19 Aralık katliamının gerçekleştirildiği günlerde Yeni Şafak diğerlerinden farklı bir tutum mu almıştır ki bugün Ertosun’u ve katliamı sorgulama ihtiyacı duymaktadır. Üstelik sorgulamayı yaparken de sürekli devlet gerçeğini atlayarak, cezaevlerinin kan gölüne dönmesinin devrimcileri teslim almaya dönük bir devlet politikası olduğunu gözlerden kaçırarak yapmaktadır. Tek başına Ertosun’u günah keçisi ilan ediyor. Fakat bu adamın tek başına dünyanın gözleri önünde günlerce canlı yayınlanan katliamları yaptıramayacağını bilmiyor mu? Kuşkusuz gerçeğin kendisini en az bizim kadar kendileri de biliyorlar. Fakat onların gerçek derdi katliamın olması ve Ertosun’un bunda özel bir rol oynaması değildir. Söz konusu olan şimdi karşıtlık içinde bulunduğu bir rakibini köşeye sıkıştırmak ve bu vesileyle kendi tarafının ellerini rahatlatmaktır.

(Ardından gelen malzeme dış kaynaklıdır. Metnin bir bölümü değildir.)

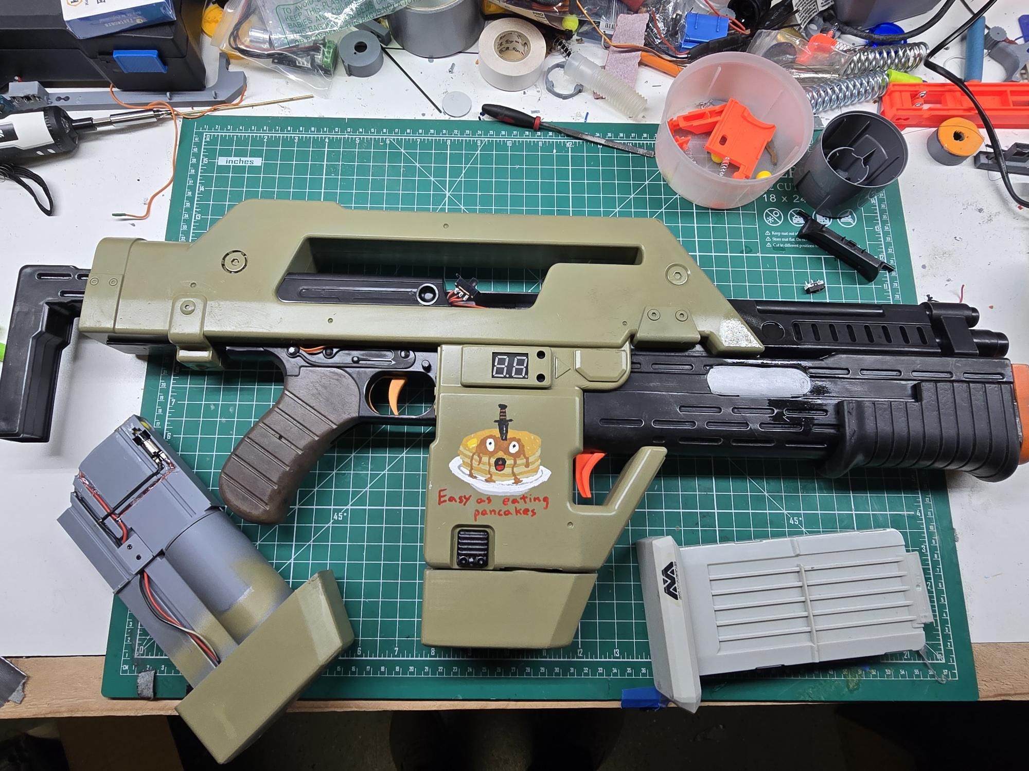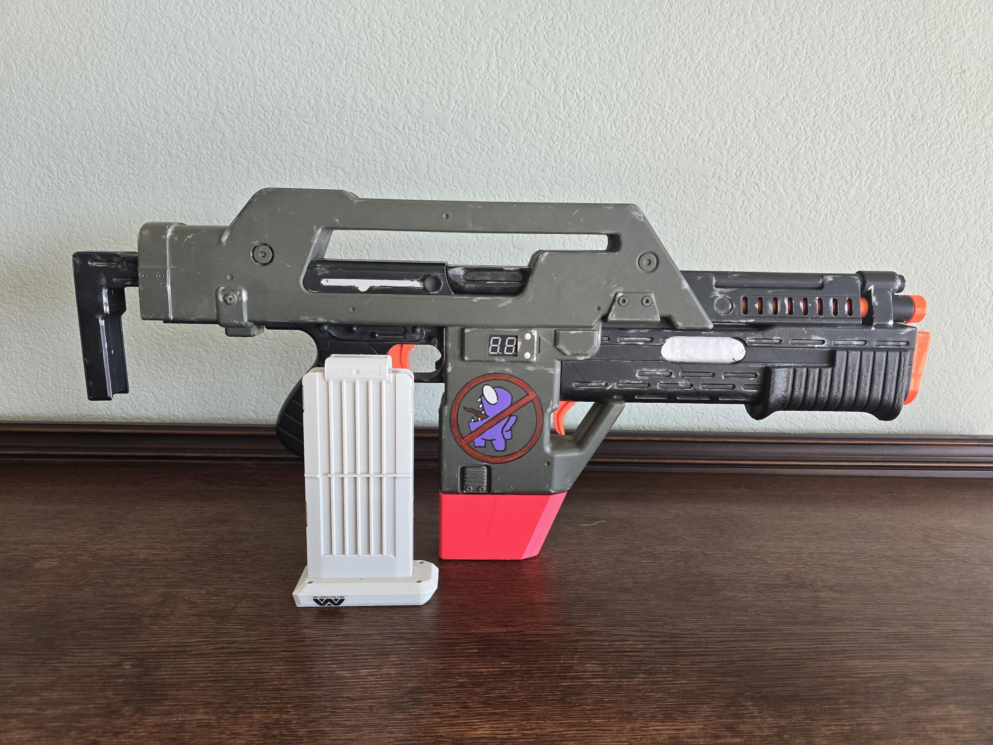 Wanted to share my upgraded my Nerf Pulse Rifle with a 60 round paintball style loader to push 50cal rounds, uses Monkey Mods 50cal foam balls for the primary. Modded the underslung launcher to a three round auto advancing grenade launcher capable of holding x1 standard nerf dart, x2 short darts, x1 short dart and x3 50cal balls, or x5 50cal balls.

Bu suçlamalarında samimi olsalardı şayet katliamın gerçekleştiği günlerde kaleminden kan damlayanlardan farklı davranırlardı. Ölüm orucundaki devrimci tutsakların ölüm orucunda olmadıkları, sahte oruç yaptıkları, gizlice beslendikleri, kendi kendilerini vurdukları ve yaktıkları haberlerine sayfalarında yer vermezlerdi. Oysa o dönem Yeni Şafak’ın katliama karşı en eleştirel yazıları ve yazarları bile önce kendilerinin “içeridekileri terörist gördükleri ve cezaevlerinin terör örgütlerinin kampları haline geldiğini düşündükleri” biçimde şerhini düşerek ifade ediyorlardı. Karşı eleştirilerinin temelini ise alenen yapılan böylesi kitlesel bir katliamın ülkenin imajını zedeleyeceği, AB sürecine zarar vereceği vb. içeriğini aşmıyordu. Bu kadarı bile katliama davetiye çıkarmaya yetiyor, daha fazlasına ihtiyaç da yoktur zaten.

Tıpkı diğer burjuva basın organları gibi, Yeni Şafak da borazanlığını yaptığı sermaye kesimlerinin çıkarlarını savunmaktadır. Onlar, temsil ettiği sermaye kesiminin ihtiyaçları doğrultusunda tutumunu belirlemektedir. Yeni Şafak’ın da diğerleri gibi, sayfalarından ve kalemlerinden kan damlamaktadır. Katliam dönemindeki tutumu da aynıdır, şimdiki utanmaz ikiyüzlülüğü de!